**Task**
Word for word, retype the lines from the one containing "Wayne with a" to the one containing "6月8日下午14:00,交通" below, keeping both end lines and dropping the pictures.

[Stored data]
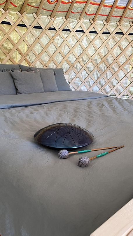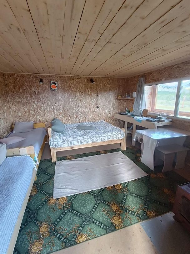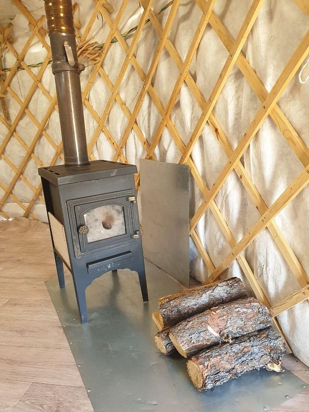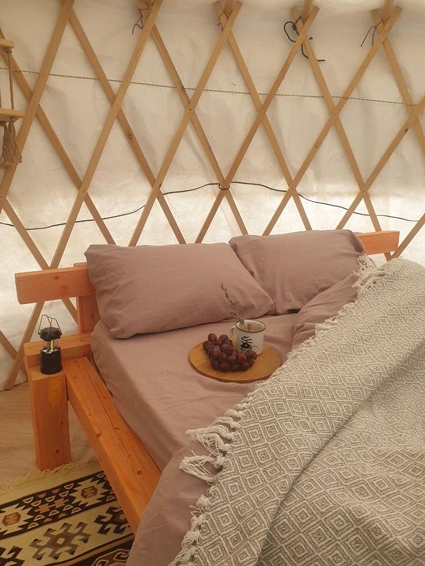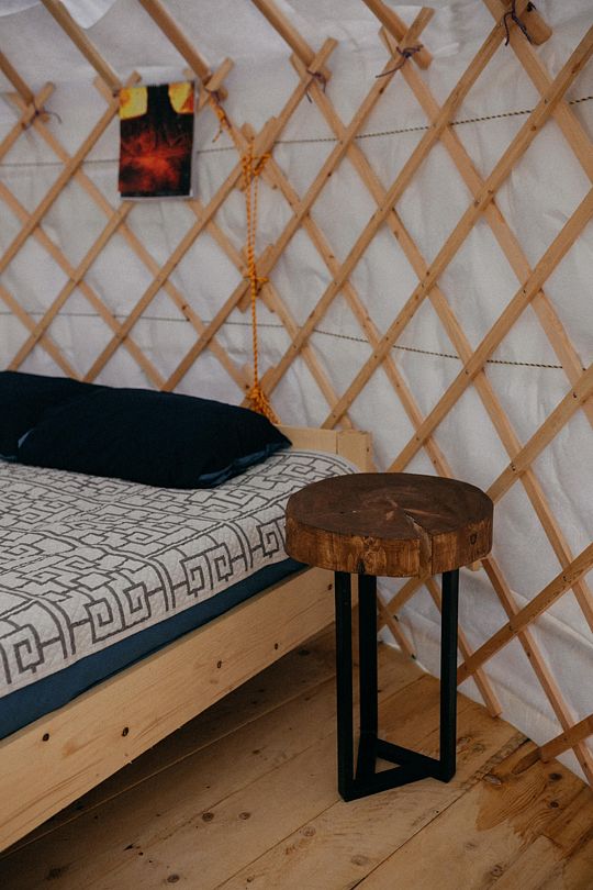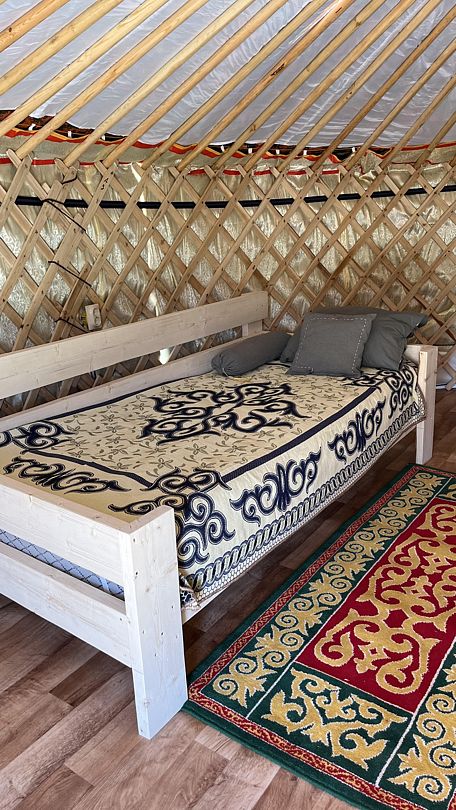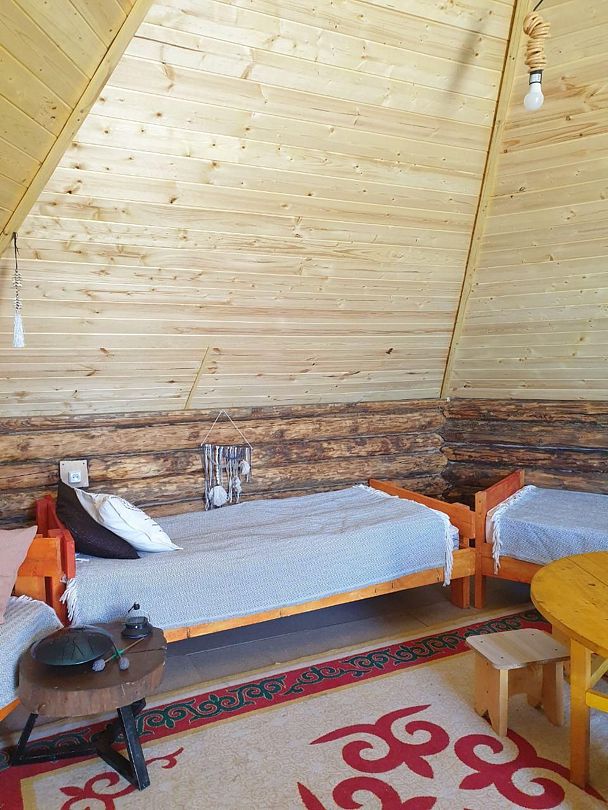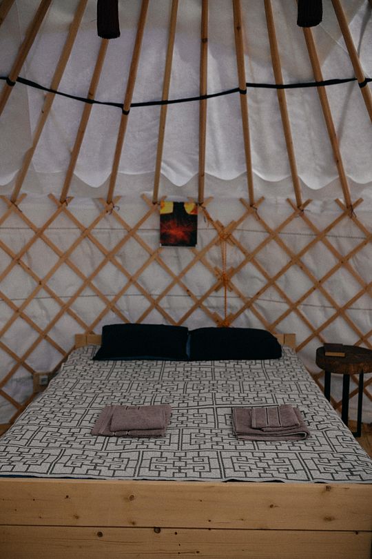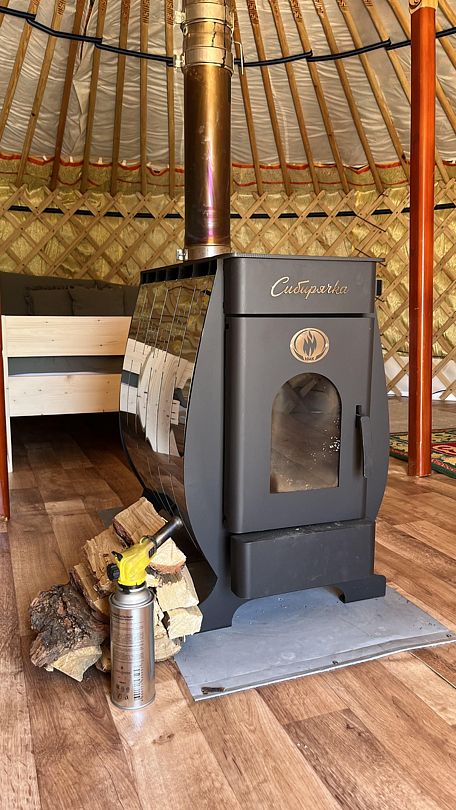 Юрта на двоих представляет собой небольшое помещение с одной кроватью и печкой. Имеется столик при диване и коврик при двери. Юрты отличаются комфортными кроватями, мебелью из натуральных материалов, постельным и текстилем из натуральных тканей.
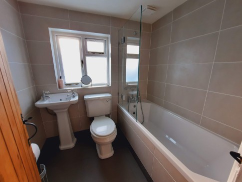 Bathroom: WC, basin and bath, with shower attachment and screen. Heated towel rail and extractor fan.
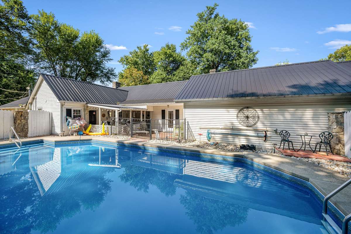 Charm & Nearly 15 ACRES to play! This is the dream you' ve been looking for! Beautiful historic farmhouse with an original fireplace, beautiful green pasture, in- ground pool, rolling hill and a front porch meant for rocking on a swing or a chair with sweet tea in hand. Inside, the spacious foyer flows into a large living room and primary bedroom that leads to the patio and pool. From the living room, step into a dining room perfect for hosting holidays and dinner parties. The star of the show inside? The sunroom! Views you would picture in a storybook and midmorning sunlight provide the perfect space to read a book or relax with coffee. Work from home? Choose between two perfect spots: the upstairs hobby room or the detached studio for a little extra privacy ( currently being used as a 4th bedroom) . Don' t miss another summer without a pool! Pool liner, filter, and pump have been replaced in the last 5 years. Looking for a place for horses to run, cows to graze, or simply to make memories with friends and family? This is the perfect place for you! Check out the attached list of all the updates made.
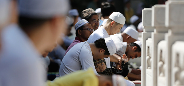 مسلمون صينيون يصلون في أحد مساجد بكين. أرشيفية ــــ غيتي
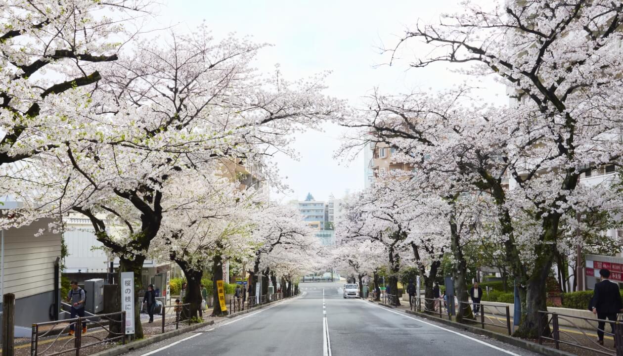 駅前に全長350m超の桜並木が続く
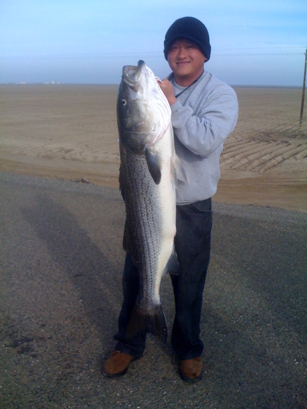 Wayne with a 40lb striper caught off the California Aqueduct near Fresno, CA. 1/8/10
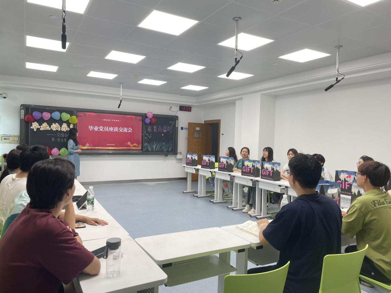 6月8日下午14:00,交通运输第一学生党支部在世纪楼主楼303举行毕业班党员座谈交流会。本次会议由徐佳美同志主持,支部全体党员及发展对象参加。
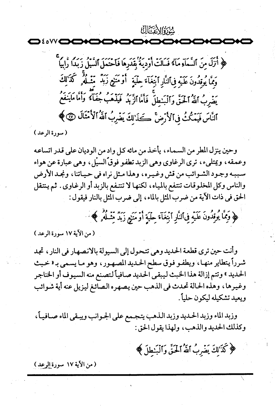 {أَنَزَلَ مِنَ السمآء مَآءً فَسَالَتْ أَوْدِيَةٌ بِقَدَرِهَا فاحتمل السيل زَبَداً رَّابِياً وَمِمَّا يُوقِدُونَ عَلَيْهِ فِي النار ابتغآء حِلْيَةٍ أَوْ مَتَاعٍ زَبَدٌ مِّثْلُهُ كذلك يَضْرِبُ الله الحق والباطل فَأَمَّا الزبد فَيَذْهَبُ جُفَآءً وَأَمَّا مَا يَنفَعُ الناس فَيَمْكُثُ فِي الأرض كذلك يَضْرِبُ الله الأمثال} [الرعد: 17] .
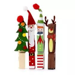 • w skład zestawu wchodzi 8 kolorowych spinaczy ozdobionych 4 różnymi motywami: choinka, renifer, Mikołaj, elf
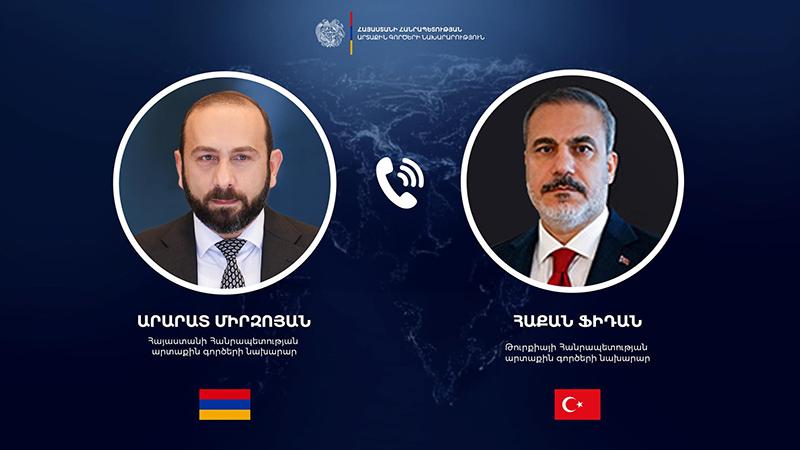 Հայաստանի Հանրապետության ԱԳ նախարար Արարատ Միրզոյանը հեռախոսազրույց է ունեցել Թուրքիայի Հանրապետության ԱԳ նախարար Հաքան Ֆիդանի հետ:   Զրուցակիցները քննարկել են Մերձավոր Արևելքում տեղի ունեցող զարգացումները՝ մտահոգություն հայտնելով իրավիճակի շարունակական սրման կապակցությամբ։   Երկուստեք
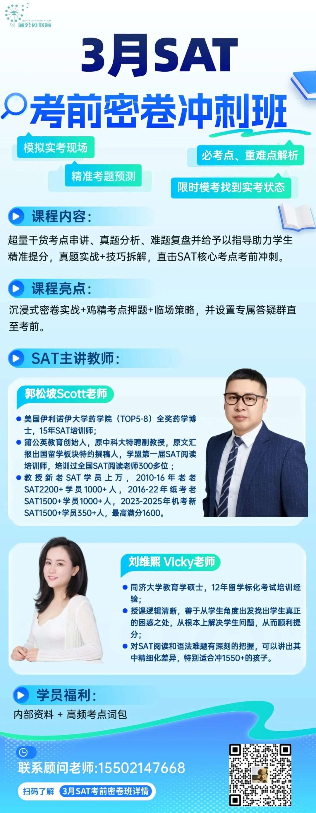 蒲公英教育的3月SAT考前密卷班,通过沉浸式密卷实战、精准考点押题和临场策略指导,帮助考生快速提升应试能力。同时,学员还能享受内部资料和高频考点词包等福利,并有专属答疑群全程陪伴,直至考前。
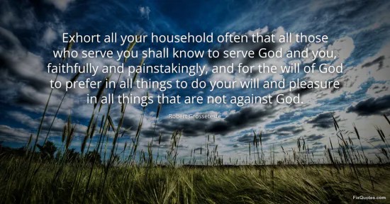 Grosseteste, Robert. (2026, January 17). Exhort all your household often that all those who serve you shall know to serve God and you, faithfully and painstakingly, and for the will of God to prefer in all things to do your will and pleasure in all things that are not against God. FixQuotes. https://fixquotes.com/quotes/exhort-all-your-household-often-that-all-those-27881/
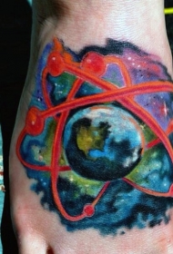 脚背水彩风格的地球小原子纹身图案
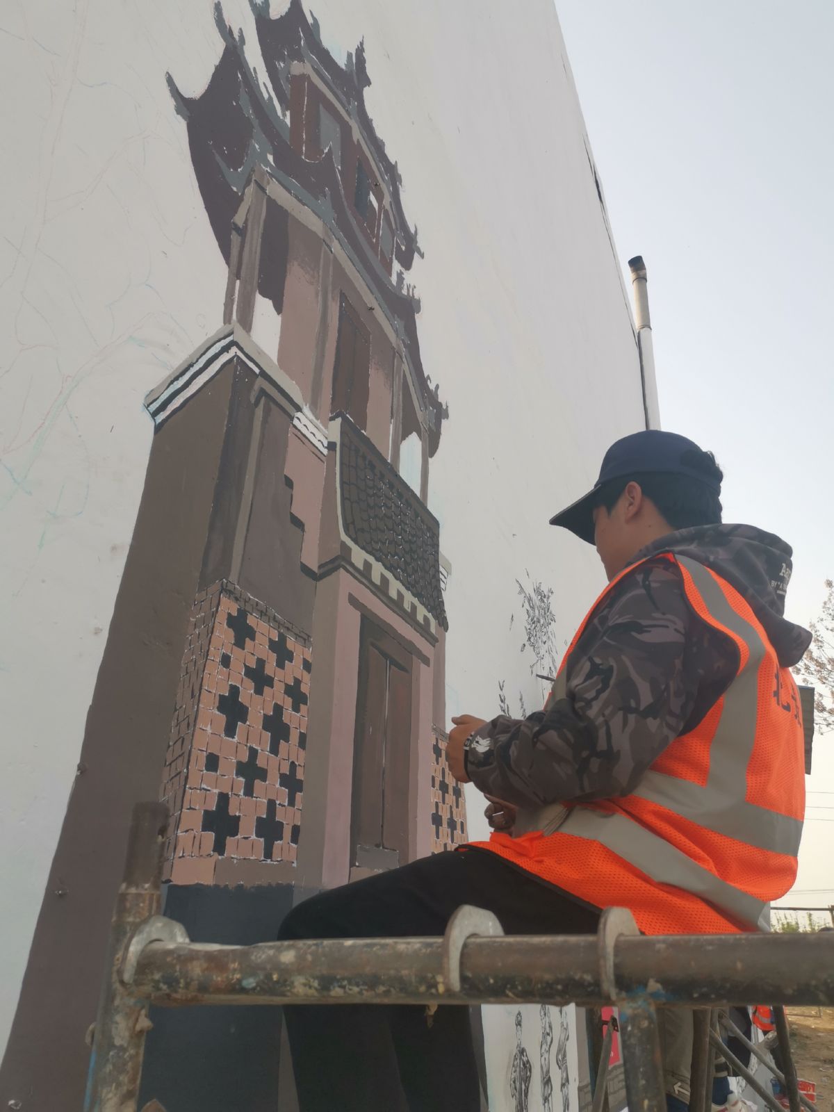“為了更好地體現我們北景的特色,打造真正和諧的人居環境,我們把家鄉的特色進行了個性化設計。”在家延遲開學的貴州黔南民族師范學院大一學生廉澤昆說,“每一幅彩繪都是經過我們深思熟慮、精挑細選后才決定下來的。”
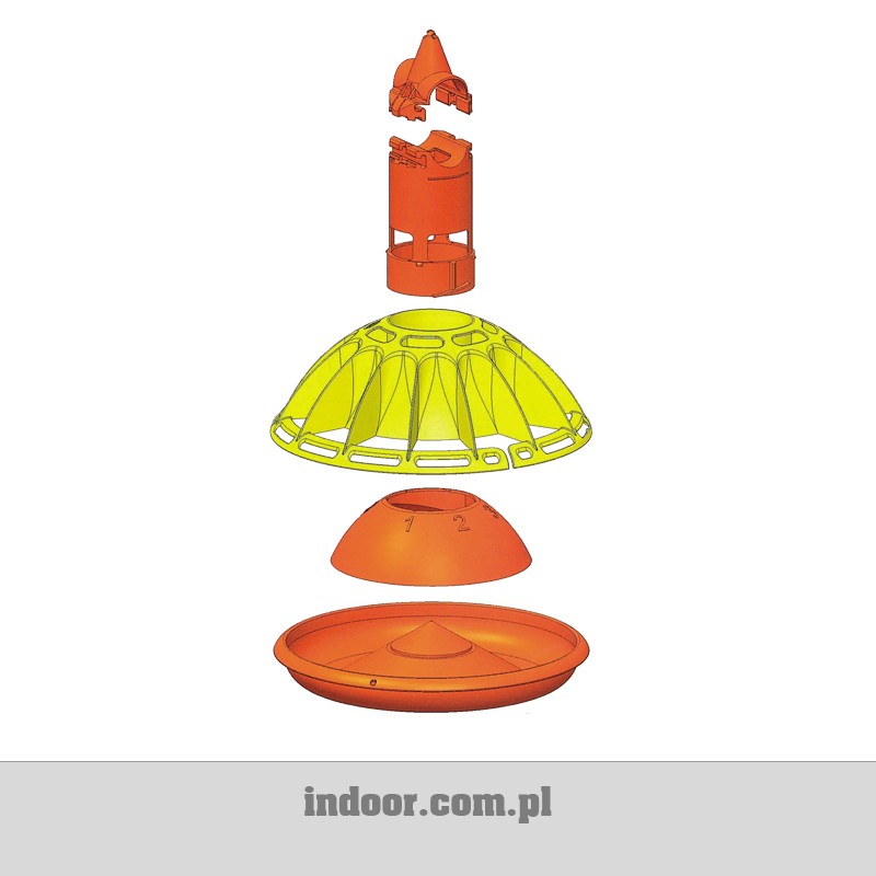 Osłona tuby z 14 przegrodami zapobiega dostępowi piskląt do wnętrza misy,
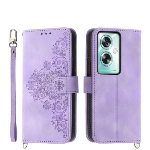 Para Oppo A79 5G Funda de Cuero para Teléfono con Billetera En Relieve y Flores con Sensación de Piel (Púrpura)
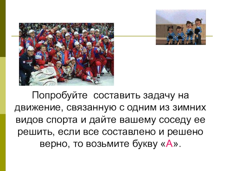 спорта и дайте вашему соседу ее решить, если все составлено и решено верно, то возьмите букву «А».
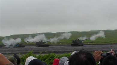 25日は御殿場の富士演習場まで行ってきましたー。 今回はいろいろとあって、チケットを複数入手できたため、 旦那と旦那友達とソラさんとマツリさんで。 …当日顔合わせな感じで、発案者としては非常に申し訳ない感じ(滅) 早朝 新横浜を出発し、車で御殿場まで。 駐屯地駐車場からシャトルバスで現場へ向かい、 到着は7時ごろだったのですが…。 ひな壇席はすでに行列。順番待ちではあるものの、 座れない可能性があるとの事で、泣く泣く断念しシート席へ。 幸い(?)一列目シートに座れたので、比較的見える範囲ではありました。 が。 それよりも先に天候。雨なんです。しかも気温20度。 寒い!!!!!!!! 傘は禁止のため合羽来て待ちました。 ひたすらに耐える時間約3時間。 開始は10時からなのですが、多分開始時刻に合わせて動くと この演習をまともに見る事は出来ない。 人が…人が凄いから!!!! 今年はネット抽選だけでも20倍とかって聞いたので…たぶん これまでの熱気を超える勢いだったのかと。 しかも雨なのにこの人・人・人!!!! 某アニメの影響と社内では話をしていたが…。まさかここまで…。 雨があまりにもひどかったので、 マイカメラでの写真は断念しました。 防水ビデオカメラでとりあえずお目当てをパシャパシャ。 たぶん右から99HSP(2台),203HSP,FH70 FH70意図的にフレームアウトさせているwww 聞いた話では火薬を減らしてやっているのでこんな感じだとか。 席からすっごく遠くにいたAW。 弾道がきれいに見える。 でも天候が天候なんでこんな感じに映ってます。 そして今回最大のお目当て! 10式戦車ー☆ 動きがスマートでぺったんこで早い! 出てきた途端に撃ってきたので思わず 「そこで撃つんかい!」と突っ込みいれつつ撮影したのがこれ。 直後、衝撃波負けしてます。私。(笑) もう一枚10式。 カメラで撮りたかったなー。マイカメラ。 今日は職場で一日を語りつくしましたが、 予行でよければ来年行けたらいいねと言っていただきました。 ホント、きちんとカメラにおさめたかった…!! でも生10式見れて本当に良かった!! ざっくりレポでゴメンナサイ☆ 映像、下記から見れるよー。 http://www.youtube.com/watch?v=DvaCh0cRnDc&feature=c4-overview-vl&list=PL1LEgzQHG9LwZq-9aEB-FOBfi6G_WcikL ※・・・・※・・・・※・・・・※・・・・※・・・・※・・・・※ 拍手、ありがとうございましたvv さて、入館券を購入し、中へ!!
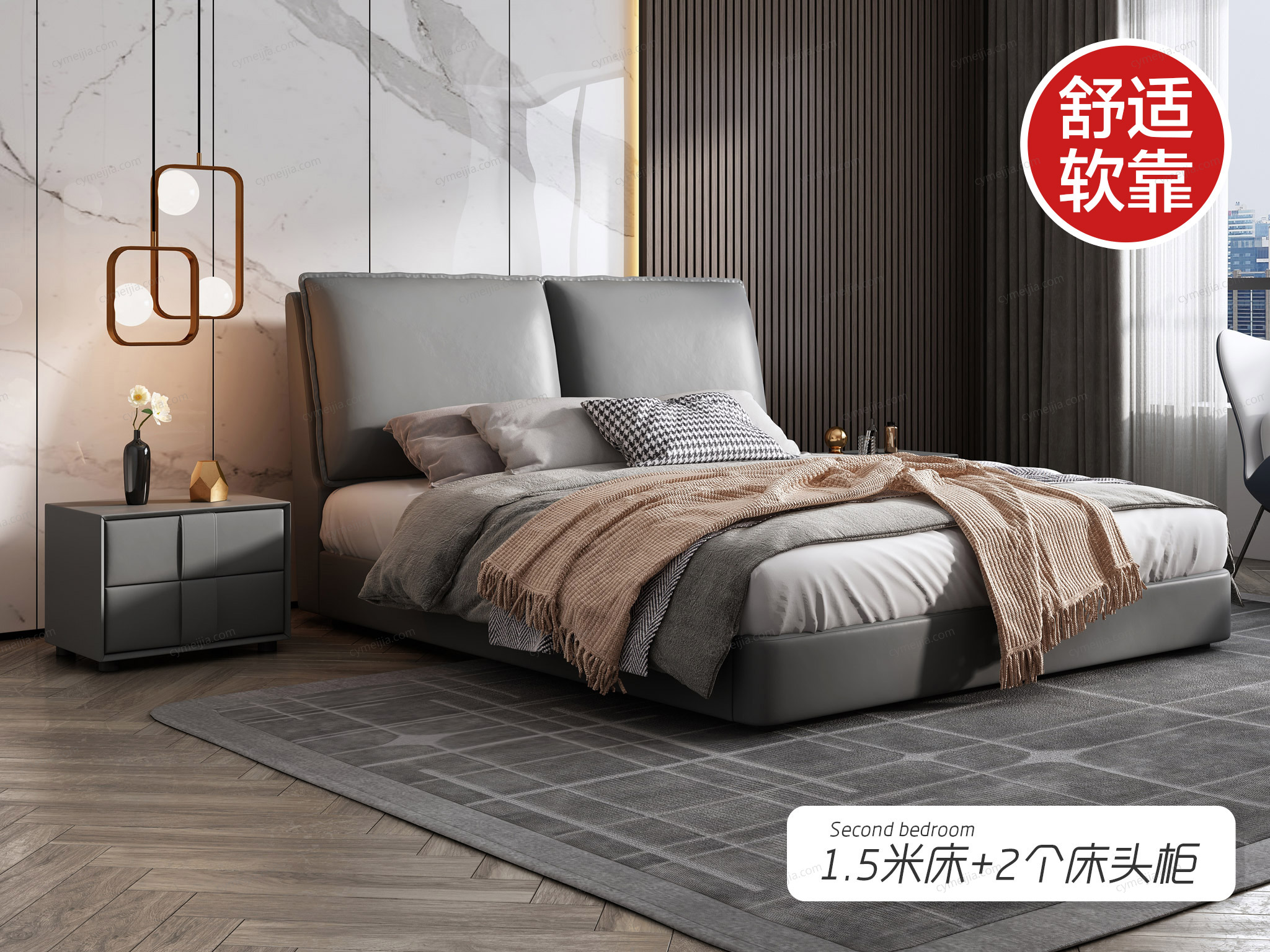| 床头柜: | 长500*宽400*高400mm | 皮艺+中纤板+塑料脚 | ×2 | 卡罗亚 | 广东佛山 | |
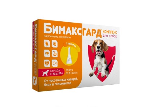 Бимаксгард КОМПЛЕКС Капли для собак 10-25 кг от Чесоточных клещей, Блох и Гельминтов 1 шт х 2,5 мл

**Task output**
 Wayne with a 40lb striper caught off the California Aqueduct near Fresno, CA. 1/8/10
 6月8日下午14:00,交通运输第一学生党支部在世纪楼主楼303举行毕业班党员座谈交流会。本次会议由徐佳美同志主持,支部全体党员及发展对象参加。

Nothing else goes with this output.